While AIPAC has reacted to the president’s puzzling decision to pass off responsibility to Congress for a strike on Syria by mobilizing its resources to back him up on the issue, J Street is standing on the sidelines of a vote that will have huge implications for the future of U.S. influence in the Middle East. In doing so, J Street is not only burning what’s left of its bridges to an administration it’s been out of step with for the past two years, it’s also showing that its leftist roots as the Jewish rump of the MoveOn.org movement trumps its loyalty to the president or to the cause of human rights.

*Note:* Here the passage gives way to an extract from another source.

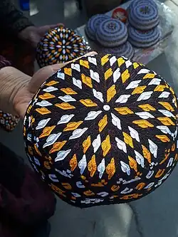 In Arab states of the Persian Gulf, with the exception of Oman, the taqiyah is commonly worn under a ghutra.[7] In Turkmenistan, taqiyahs are called tahýa in the Turkmen language and are a Turkmen national headdress with embroidered national patterns.[8] In the fashion industry, taqiyah caps have become a component in orientalist fashion shows.[9]

That J Street should be aligning itself with the isolationists on both the left and the right against the administration shouldn’t be any surprise. Despite their boasts about representing the mainstream of Jewish opinion in this country, it has always been a creature of the isolationist left.

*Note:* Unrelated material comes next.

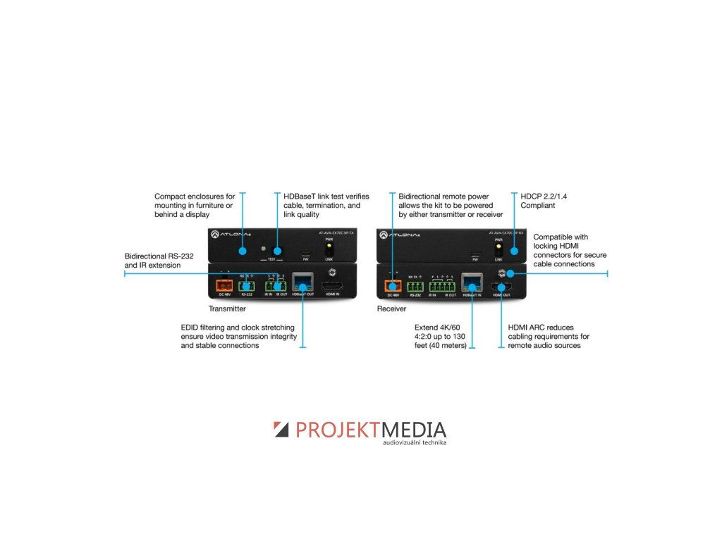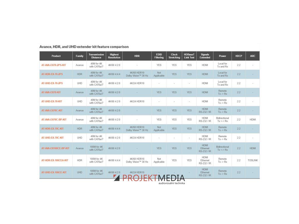 AT-AVA-EX70C-BP-KIT je HDBaseT extender kit, přenáší 4K/UHD 60Hz 4:2:0 až do 40 m, 1080p 60 Hz až do 70 m, podporuje řízení přenos a obousměrného ovládání napájení.

Though opposition to Syria intervention is widely unpopular, J Street might have been expected to rally to Obama’s side in what is probably the most crucial moment of his second term. If Congress fails to grant him authority to attack Syria his credibility is shot at home and abroad and we might as well hang a sign around his neck saying “lame duck.”

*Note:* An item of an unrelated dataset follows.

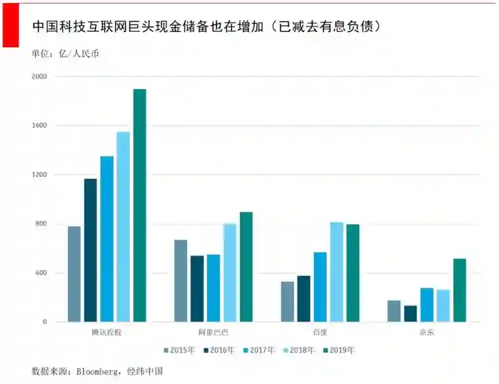 中国的科技巨头也大体符合这一趋势,只不过与FAAMG相比规模还比较小,腾讯、阿里、百度和京东在2019年总共囤积了6064亿人民币现金及等价物(866亿美元)。BATJ们正处于囤积现金的上升期,这些储备足以面对危机。

But the MoveOn.org crowd from which J Street sprung does not share the president’s apparent ambivalence about the use of U.S. power even when used against a Syrian dictator who has used chemical weapons against his own people. They are always against it. While J Street belatedly condemned Syria’s use of chemical weapons, its outrage over the crime wasn’t enough for the group to back up the president.

I deplore J Street’s belief that the U.S should use its status as Israel’s only ally to pressure it to make concessions to a Palestinian Authority that has repeatedly demonstrated its unwillingness to recognize the legitimacy of a Jewish state no matter where its borders are drawn. But do J Streets’ leaders think America’s capacity to use its influence in the Middle East will be enhanced by the evisceration by Congress of Obama’s ability to lead on foreign affairs?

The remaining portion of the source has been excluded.